I finally know what it means when someone says he has an “electrifying presence.” Even without Imran Khan at the podium, the crowd went berserk just seeing him seated at the table on stage, and every time the host would announce that we are getting closer and closer to his speech, it was as if everyone in the crowd had found out they won a lottery. There were, of course, a couple of unnecessary stunts, like Shehzad Roy’s and Strings’ performances. In retrospect, though, I can see that they were important because it’s not just the educated elite he was targeting now, it was everyone, it was ‘the masses.’ And they like to be entertained. Nothing builds up patriotic fervour like songs and cricket, and Imran Khan has both going for him.

The Minar, and the sea of green and red

When he started to speak, all was forgotten. The hours of delay, the traffic, the unruly crowd, and the ache in our legs; none of it mattered when his voice boomed across us all. He made jokes, insulted Zardari and the Sharifs, used cricket metaphors, and made sweeping promises. It made him even more endearing, and that was the point. As happy as I was to be a witness to such an event, my cynical self couldn’t stop wondering how this was any different from when the now-old parties held the exact same rallies and had the same amount of zealous supporters. At the end of the day, they couldn’t deliver so what guarantee is there that Imran Khan will?
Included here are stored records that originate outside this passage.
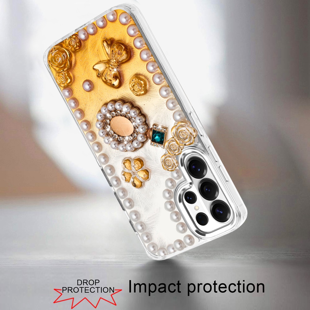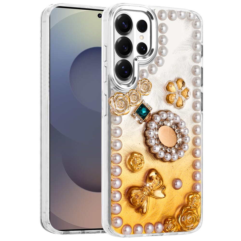 For Samsung s26 Ultra Pearls Epoxy Glitter Ornaments Design Chrome Edged Case - 8
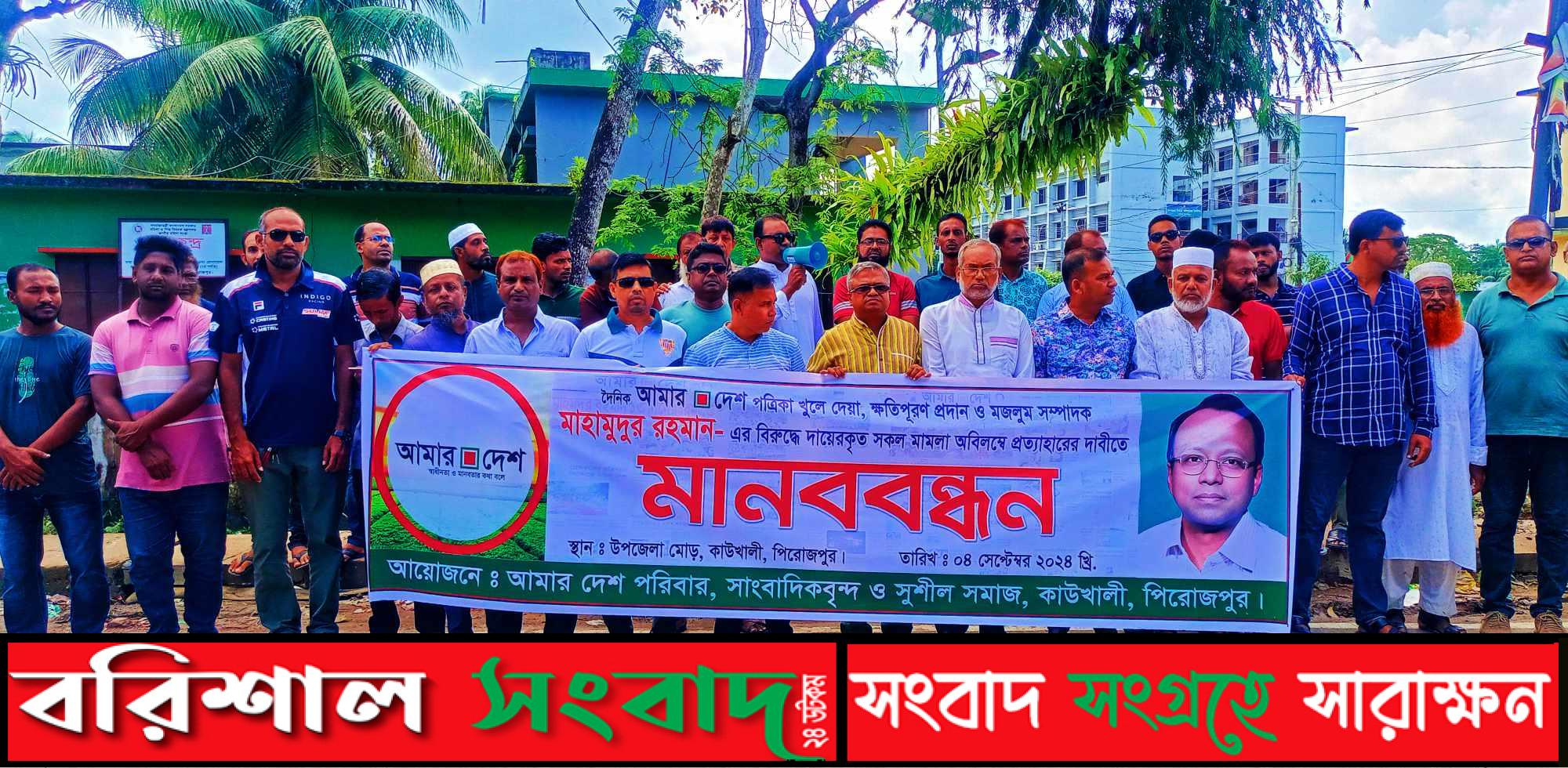 পিরোজপুর প্রতিনিধিঃদৈনিক আমার দেশ পত্রিকা খুলে দেওয়া, ক্ষতিপূরণ প্রদান, সম্পাদক মাহমুদুর রহমান ও মিসেস মাহমুদুর রহমানের বিরুদ্ধে মিথ্যা মামলা প্রত্যাহার ও সাজা বাতিলের দাবীতে পিরোজপুরের কাউখালীতে মানববন্ধন অনুষ্ঠিত হয়।
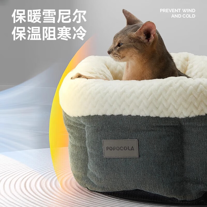 POPOCOLA猫窝冬季保暖电热毯加热发热冬天智能恒温幼猫咪屋全半封闭式猫窝 法兰绒深睡猫窝 全年龄猫咪通用
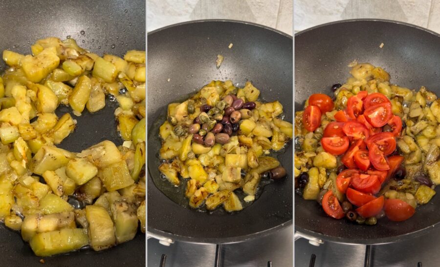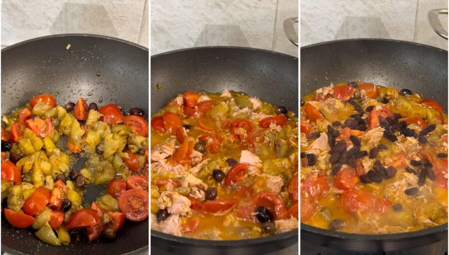 Étapes pour préparer les Pâtes au thon et aux aubergines à la sicilienne

There is no guarantee, of course. His appeal lies in his novelty. He’s different from the usual despots. Nawaz Sharif never misses an opportunity of how the nuclear bomb in Pakistan was developed during his tenure; how many times has Imran Khan boasted about his cancer hospital or university in his own speeches? He didn’t do it yesterday, and he doesn’t even have to. He’s an alternative to the current desperados, and most people think he can’t be much worse because what we have now has got to be the absolute worst it would possibly be. He made promises like the rest of them had done in the past: he said Pakistan will never be inferior to another superpower or beg for anyone’s help. But then later, he said we will become closer to China, ask them for help so that we can grow. This seemed problematic for me. In the start, even the US was friendly and helpful to Pakistan, just as China could be now. China is a force unto its own now, its an economic superpower and it is a lot closer to Pakistan in geographical terms than the US – all this unsettled me a little. But he continued on, speaking of eradicating terrorism, and transforming our situation so that we can actually be PROUD of our passport. That struck a nerve, I always hide my Pakistani passport at airports because, truthfully, I am ashamed and would much rather thrust out my Canadian one. If I can hold out my green passport in pride, Imran Khan has my vote.

But then there’s the question of his reach. Sure all us Luminites love him, as do all the kitty-party aunties, but what about the chai-wallahs, rickshaw wallas, sweepers, janitors, maids, drivers? What about the rural population? I think what amazed me most about the rally was the diversity in the people present, it wasn’t just the educated elite or just the patriotic youth. There were really old people there, wrinkled and white-haired, who made peace signs as if remembering protests of the past, happy and relieved to know it hasn’t all gone away from Pakistan. There were really poor people there, groups of young workers in uniforms and women and children in rags whom rather than looking disgruntled, were smiling and cheering, equal to the rest of us. There were Punjabis, Balochis, Pathans. So maybe Imran Khan’s reach isn’t as limited as it used to be. Yes, there are many miles to go before you can see the shore, and many more hurdles to cross, but perhaps…perhaps there is hope. And perhaps this hope is not strong enough to passionately cry out “Meri jaan, teri jaan, Imran Khan, Imran Khan!” but at least it’s united us in angrily, loudly, desperately shouting “Go, Zardari, Go!”

Note: this, by no means, is a commentary on the political situation of Pakistan. It is merely a memoir of my experience at the rally and all the things I thought about it.